The former world No 1 has not played a match since the Davis Cup finals in November after being diagnosed with what was initially thought to be mild bruising on his pelvic bone.

Murray has not ruled out the possibility of taking a wild card at the Miami Open next month but reveals there is much uncertainty over his future.

The 32-year-old pulled out of the Australian Open and then two ATP events earlier this month and now admits he could require surgery to remove a bone growth associated with the hip resurfacing operation he underwent last January.

“It’s been unbelievably complex,” Murray said, per the Evening Standard.

“At the Davis Cup I was diagnosed with this bone bruise on the pubis, which was mild and obviously not a big deal, but they can sort of niggle on if they are not handled properly.

“It didn’t really get better. I started rehabbing. I started hitting a few balls. I started running again on the treadmill and stuff to try and build back up.

“The thought was maybe that I had just irritated it and should give it enough time until it’s gone. But my pain was not getting better.

2019 Davis Cup - Day Six

“And because of the metal in the hip, it is extremely difficult to get a clear diagnosis because the metal on the scan makes it difficult to read them.

“I started practicing again a few days ago. I’ve been doing some running and just trying to build up to see what happens.

“So, what I need to do just now is build up in these next couple of weeks to really test it. Hopefully it responds fine. But, if it doesn’t, then I need to potentially have that removed."

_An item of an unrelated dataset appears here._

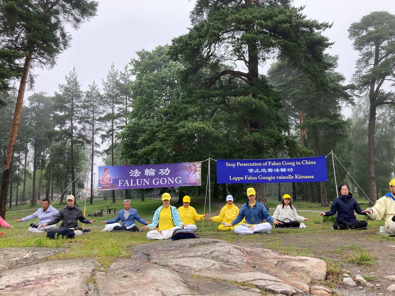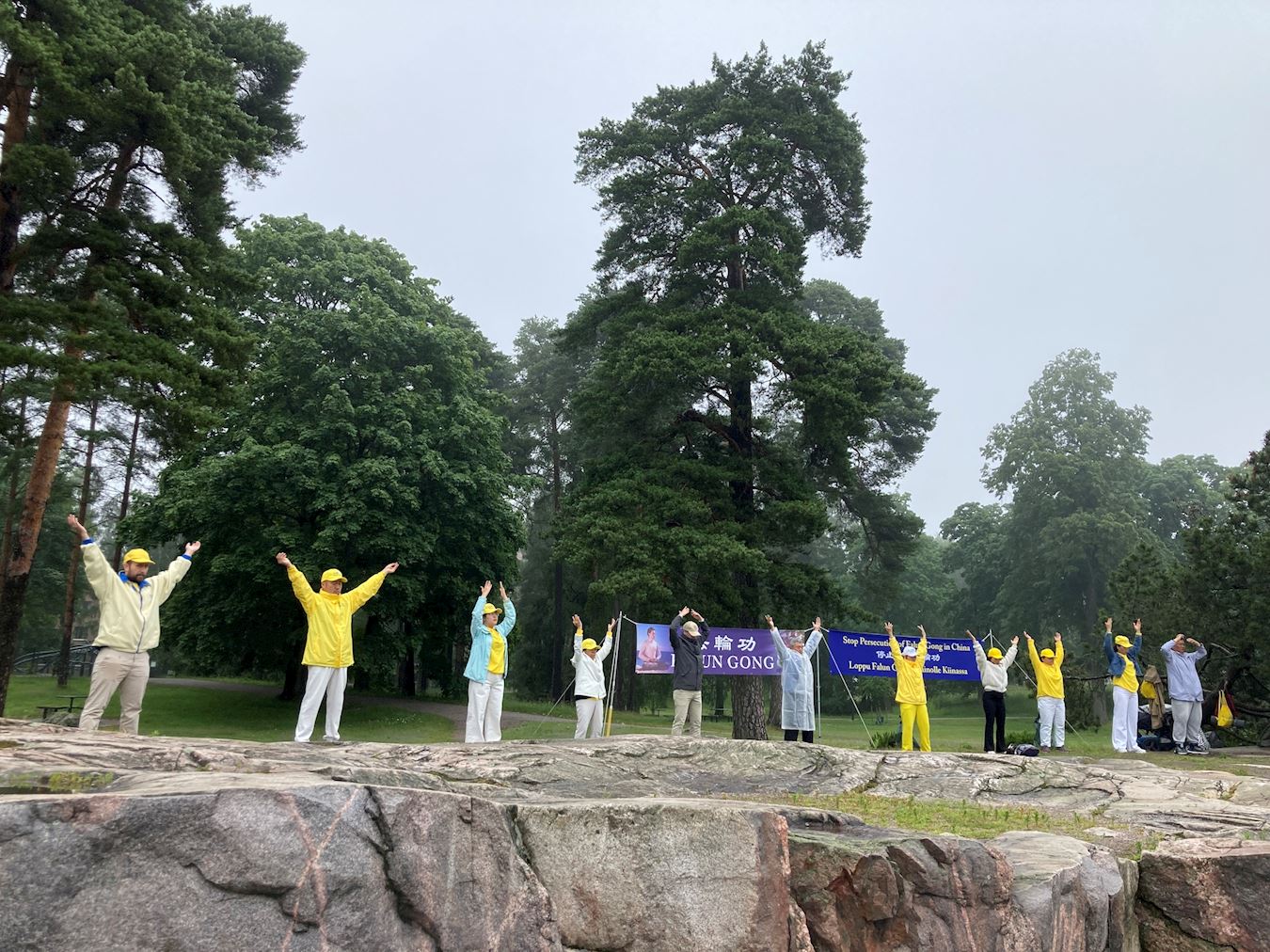 Finski praktikanti su demonstrirali Falun Dafa vježbe i dijelili informativne letke na dan 6. srpnja 2025. u parku Sibelius, poznatoj turističkoj atrakciji na zapadnoj obali Helsinkija. Njihovo grupno vježbanje ispred velikih transparenata privuklo je brojne turiste koji su saznali o progonu Falun Dafa u Kini i potpisali peticiju kojom se poziva na njegov završetak.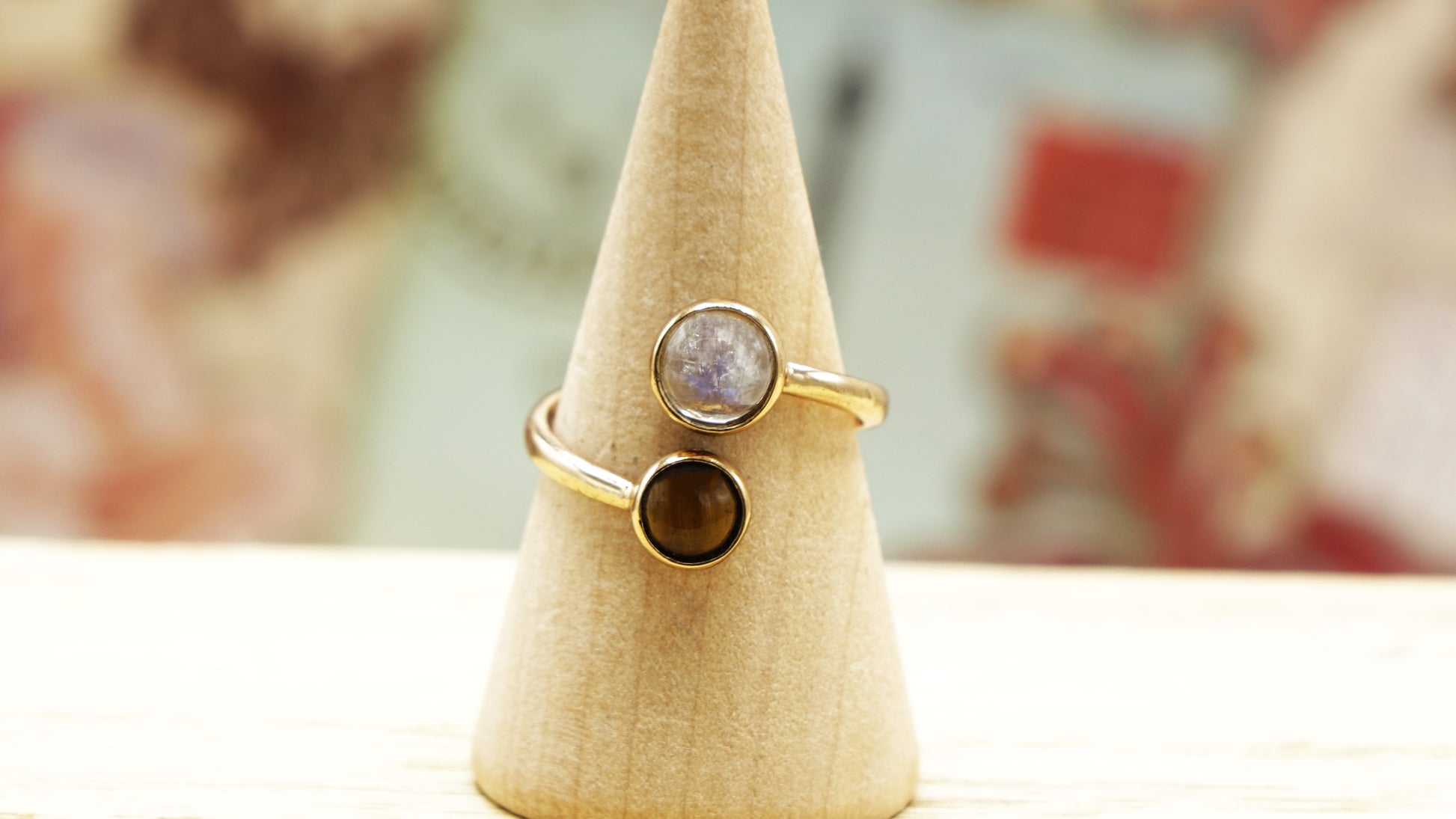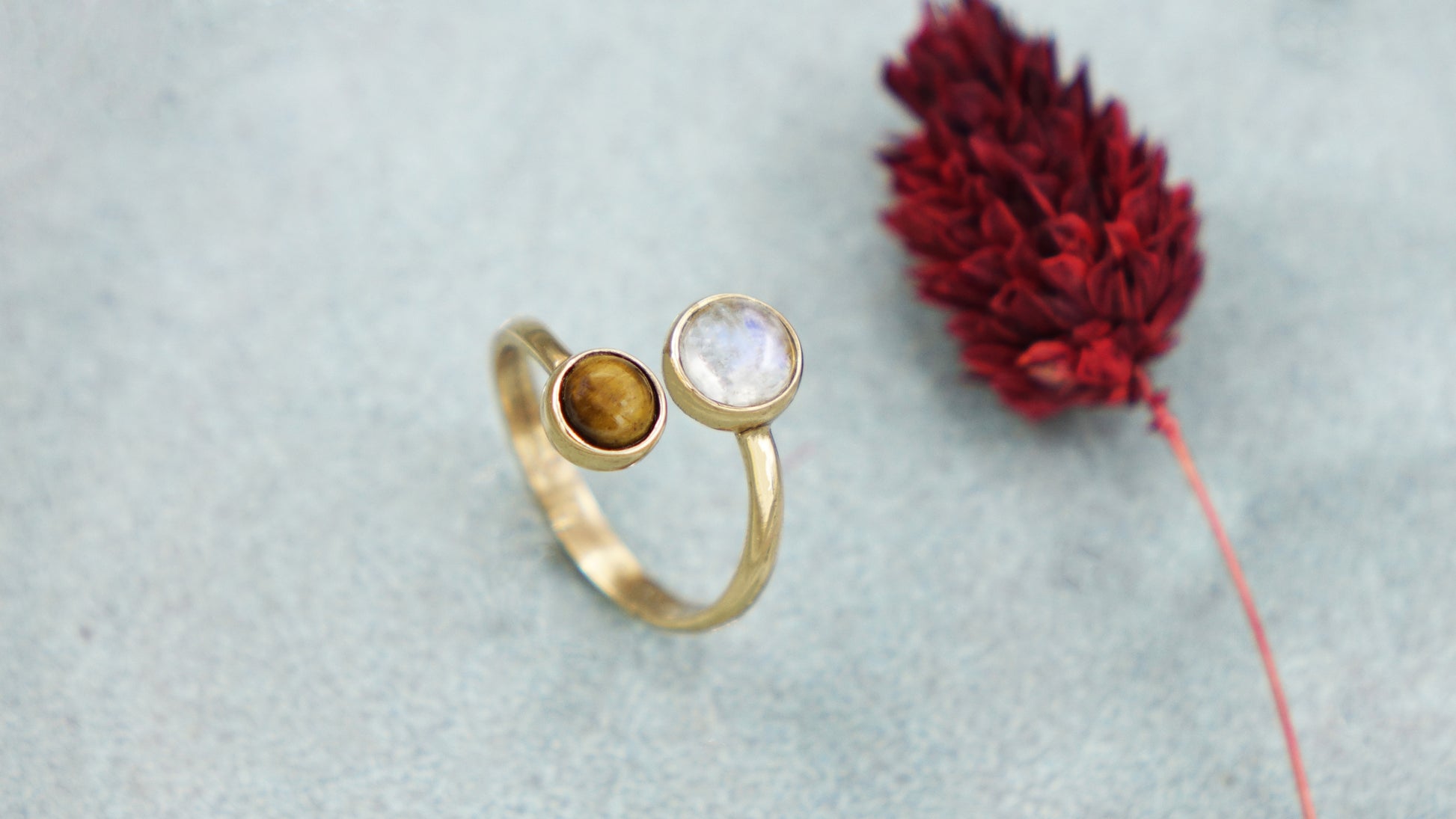 Unveil the celestial harmony of our Double Stone Ring, featuring the mesmerizing fusion of tiger's eye and moonstone. This ring captures the enchanting allure of two distinct gemstones in one captivating design.

Murray had his second hip operation at the end of January 2019 and he remains optimistic this latest period of uncertainty will not last too much longer.

"Andy Murray: Resurfacing" World Premiere - Red Carpet Arrivals

“I would hope I should know by the end of the next month whether I’m good to play or not with it,” he concluded.

“That’s what I have to wait for. And then the issue around that is, if they can’t get it with an arthroscope, which is obviously the hope, that I would have to be opened up again. That obviously takes longer to recover."

Murray, who won his first singles title since 2017 at the European Open in Antwerp last October, could potentially go under the knife for the third time in just 18 months, and with his career now hanging in the balance, the question must be asked of the Scot…is it really worth it?